Find an intrauterine device (IUD). Look for growths like noncancerous tumors, fibroids, or cysts.
Discover the cause of abnormal bleeding or pain
ECG
P/PR: -/- ms
QRS: 88ms
QT/ QTc: 280/436 ms
P/QRS/T axis: -/-8/-53 deg
Heart Rate: 146bpm
Sinus Tachycardia
Possible High Lateral Infarct
Minimal but extensive precordial repolarization disturbance, probably aspecific change
Borderline ECG
Unconfirmed Report
SIGNIFICANCE:
Electrocardiogram (ECG). This is a test that records the electrical activity of the heart, shows
abnormal heart rhythms, and detects heart muscle damage.
An electrocardiogram (EKG) is a test that records the electrical impulses of the heart. It assesses
heart rhythm, chamber size, and muscle thickness.
CHEST PA
RESULTS:
Crowding of Pulmonary vascular marking due to poor inspiratory effort.
A linear opacity is seen in the right middle lung zone.
Trachea is at the midline.
Heart is not enlarged.
Hemidiaphragms are smooth.
Indistinct right costophrenic angle.
Other chest structures are unremarkable.
REMARKS:
SUBSEGMENTAL ATELECTASIS VS. FIBROSIS, RIGHT.
RIGHT MINIMAL PLEURAL EFFUSION.
SIGNIFICANCE:
To diagnose a wide range of injuries and conditions affecting the organs and bones in the chest.
It also to determine the underlying causes of symptoms such as chest pain of shortness of breath
or to monitor a condition that may be worsening such as fluid in the fluids.
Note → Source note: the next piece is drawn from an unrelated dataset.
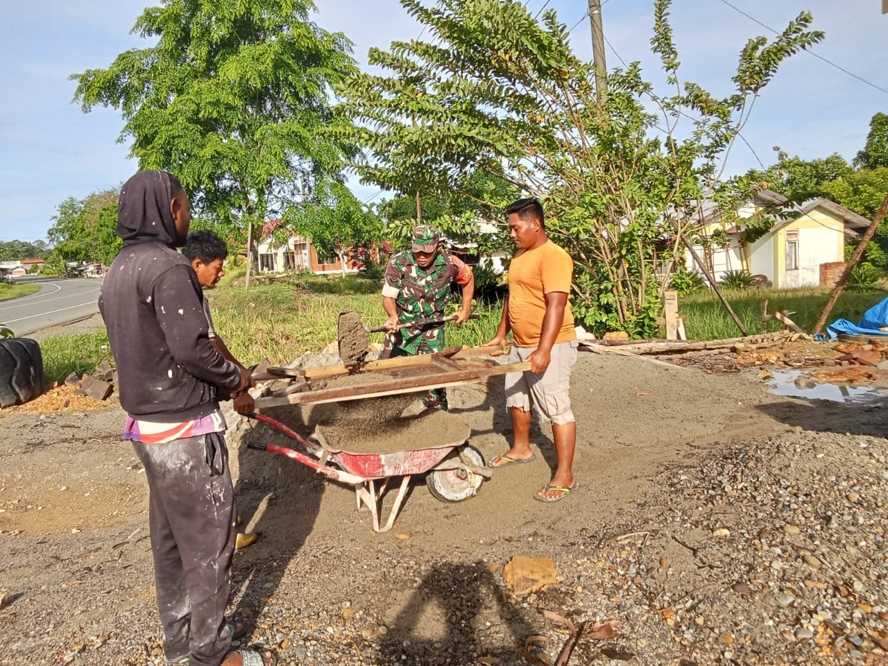 ACEH JAYA – Babinsa Koramil 03/Setia Bakti Kodim 0114/Aceh Jaya, Sertu Marwansyah, melaksanakan kegiatan gotong royong membantu pembangunan rumah milik salah satu warga di Desa Lhok Timon, Kecamatan Setia Bakti, Kabupaten Aceh Jaya, Jumat (03/04/2026).

Assess for a pulmonary- renal syndrome or a pulmonary complication of the glomerular disease
that would influence management. A routine chest X-ray is warranted for any patient presenting
with glomerular disease to search for a pulmonary- renal syndrome, and especially if the patient
has pulmonary symptoms, abnormal lung findings on physical exam or has a low oxygen
saturation by pulse oximeter.
ULTRASOUND OF THE WHOLE ABDOMEN
The liver is normal in size with a craniocaudal span of 12.8 cm with smooth borders. It has a
homogenous parenchymal echotexture and sharp inferior marginal angles. The intrahepatic ducts
are not dilated. No mass is noted.
The common bile duct is not dilated. No mass/ lithiasis is seen.
The gallbladder is normal in size and configuration, measuring 4.2 x 1.5 cm (L x AP). Its wall is
not thickened and measures 0.2 cm. No mass/ lithiasis is noted.
The pancreas is normal in size and measures as follows: head-2.2cm; body- 0.9cm; and tail-1.1
cm in its AP diameters, respectively. Its parenchymal echotexture is homogenous. The pancreatic
duct is not dilated. No mass/ calcifications seen. The spleen is normal in size, with a length of 8.4
cm. It has a homogenous parenchymal echotexture. No focal lesion/mass noted.
The aorta and inferior vena cava are normal in caliber, with no internal echoes. No para-aortic
masses.
Both kidneys have increased parenchymal echogenicities, grade 1. The cortico-medullary
junctions are well-defined. There is no significant disparity in the size of the kidneys.
The right kidney measures 9.0 x 6.0 x 4.1 cm (LxWXAP) with parenchymal thickness of 1.2 cm.
The left kidney measures 9.1 x 5.3 x4.1 cm (LxWXAP) with parenchymal thickness of 1.3 cm.
The central echo complexes are intact. The ureters are normal in caliber. No mass or lithiasis is
noted.
The urinary bladder is underfilled precluding its adequate assessment.
The uterus is anteverted and measures about 5.2 x 3.0 x 1.5 cm (LxWxAP). The endometrial
stripe is not thickened. No focal lesion is seen.
The ovaries are not visualized.
No adnexal mass is noted.
Minimal free fluid is noted in the abdominopelvic cavity.
REMARKS:
 DIFFUSE RENAL PARENCHYMAL DISEASE, BILATERAL
 MINIMAL ASCITES.
 SONOGRAPHICALLY NORMAL LIVER, BILIARY TREE, GALLBLADDER,
PANCREAS, SPLEEN AND UTERUS

SIGNIFICANCE:
Abdominal ultrasound imaging is performed to evaluate organs such as the kidneys, liver,
gallbladder, pancreas and spleen. It can help to diagnose a number of conditions including
abdominal pains, inflamed appendix, enlarged abdominal organ or aneurysm in the abdominal
aorta or stones in the gallbladder or kidney.